_ASSIGNED TASK_
All entries below need to be written out exactly, but without their pictures.

_MATERIAL FOR THIS EXERCISE_
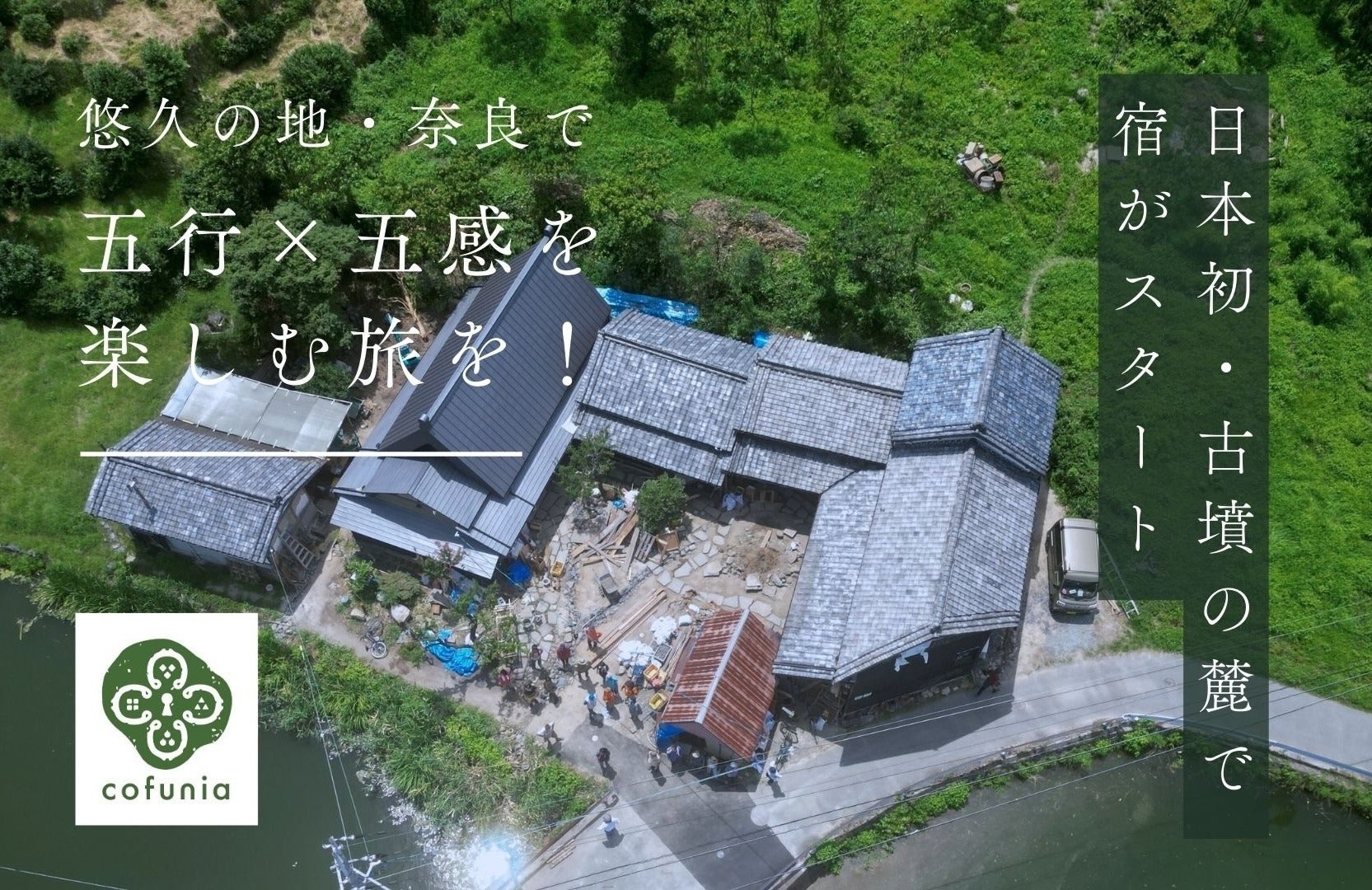 奈良の古墳の麓に新たに誕生する宿「cofunia」。奈良の特産品や体験、宿泊プランなど、この特別な場所での体験をリターンとしてご用意しました。
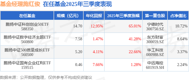 证券之星消息,截止2025年三季度末,基金经理施红俊旗下共管理4只基金,本季度表现最佳的为鹏扬中证科创创业50ETF(588350),季度净值涨65.01%。
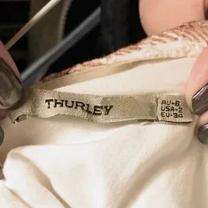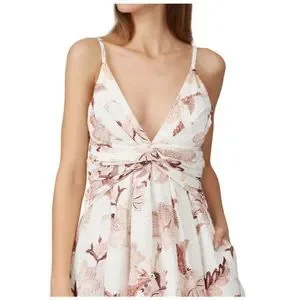 Go with the flow. Romantic high-low ruffles elegantly balance the dramatic v-neck and front knot on this dreamy dress by Thurley.
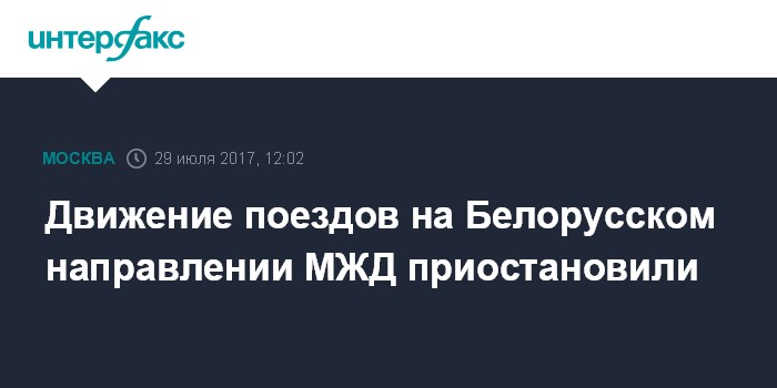 Москва. 29 июля. INTERFAX.RU - Движение поездов на Белорусском направлении Московской железной дороги временно приостановлено в связи с проблемой контактной сети, сообщила в субботу пресс-служба РЖД.
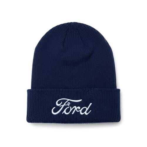 Ford Script Beanie – Navy Blue Acrylic Knit Winter Hat – Officially Licensed Ford Motor Company Merchandise
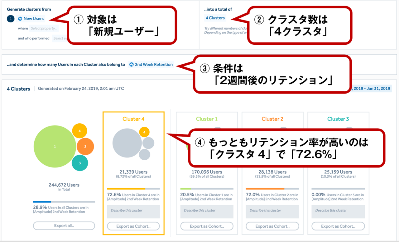 【Personas】はNMF(非負値行列因子分解)を用いてペルソナのクラスタリング分析を行う機能です。クラスタ対象ユーザーと、クラスタ数、クラスタ条件を設定するだけで、ペルソナのパターンが自動生成され、同時にもっともリテンション率の高いクラスタが数秒で判明します。
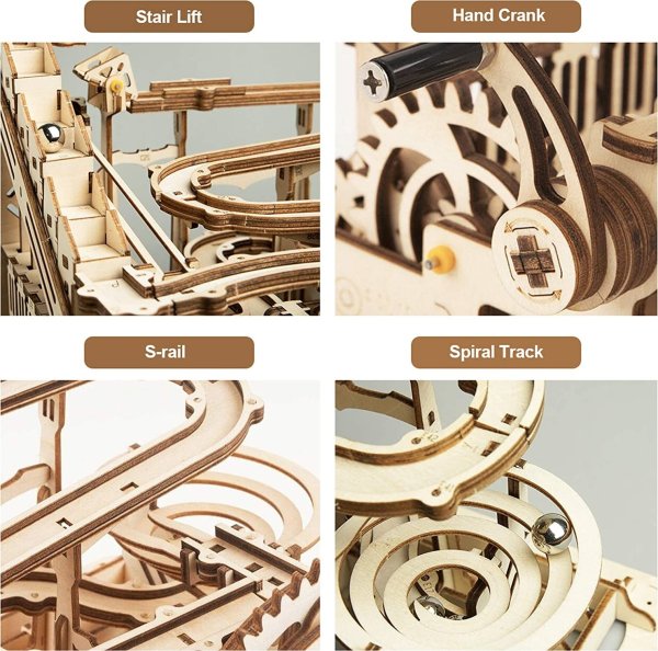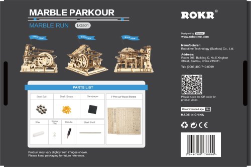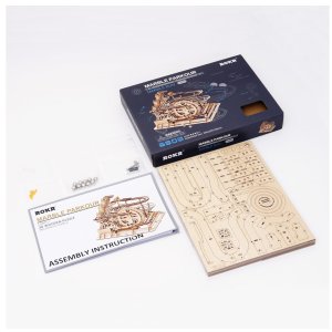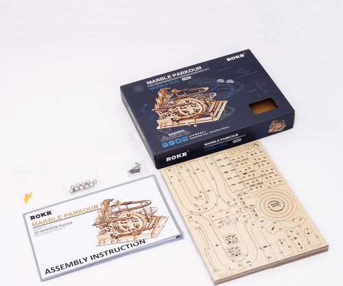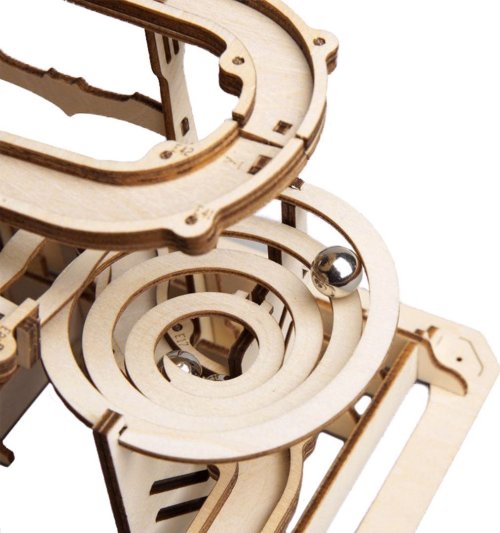 Kuličková dráha se schodišťovým výtahem a velkou spirálou. Skládačky kuličkových drah Robotime nabízejí jinde nevídané podrobnosti a variabilitu. Každá se může pyšnit originálními funkčními detaily a roztodivnými překážkami, které často nápaditě změní dráhu kuličky, a přinášejí tak výjimečnou zábavu. Mechanika je poháněna ručním pohonem, otáčením klikou, kterým jsou také vynášeny a na cestu pravidelně spouštěny kuličky. Skládačka je dodávána v nesloženém stavu, balena v krabici. Vybaveno detailním návodem k sestavení. Hlavní vlastnosti:skládačka dráhy a 10 kuliček233 precizně vyřezaných dílkůstřední obtížnost sestavení

_OUTPUT FOR THIS TASK_
 奈良の古墳の麓に新たに誕生する宿「cofunia」。奈良の特産品や体験、宿泊プランなど、この特別な場所での体験をリターンとしてご用意しました。
 证券之星消息,截止2025年三季度末,基金经理施红俊旗下共管理4只基金,本季度表现最佳的为鹏扬中证科创创业50ETF(588350),季度净值涨65.01%。
 Go with the flow. Romantic high-low ruffles elegantly balance the dramatic v-neck and front knot on this dreamy dress by Thurley.
 Москва. 29 июля. INTERFAX.RU - Движение поездов на Белорусском направлении Московской железной дороги временно приостановлено в связи с проблемой контактной сети, сообщила в субботу пресс-служба РЖД.
 Ford Script Beanie – Navy Blue Acrylic Knit Winter Hat – Officially Licensed Ford Motor Company Merchandise
 【Personas】はNMF(非負値行列因子分解)を用いてペルソナのクラスタリング分析を行う機能です。クラスタ対象ユーザーと、クラスタ数、クラスタ条件を設定するだけで、ペルソナのパターンが自動生成され、同時にもっともリテンション率の高いクラスタが数秒で判明します。
 Kuličková dráha se schodišťovým výtahem a velkou spirálou. Skládačky kuličkových drah Robotime nabízejí jinde nevídané podrobnosti a variabilitu. Každá se může pyšnit originálními funkčními detaily a roztodivnými překážkami, které často nápaditě změní dráhu kuličky, a přinášejí tak výjimečnou zábavu. Mechanika je poháněna ručním pohonem, otáčením klikou, kterým jsou také vynášeny a na cestu pravidelně spouštěny kuličky. Skládačka je dodávána v nesloženém stavu, balena v krabici. Vybaveno detailním návodem k sestavení. Hlavní vlastnosti:skládačka dráhy a 10 kuliček233 precizně vyřezaných dílkůstřední obtížnost sestavení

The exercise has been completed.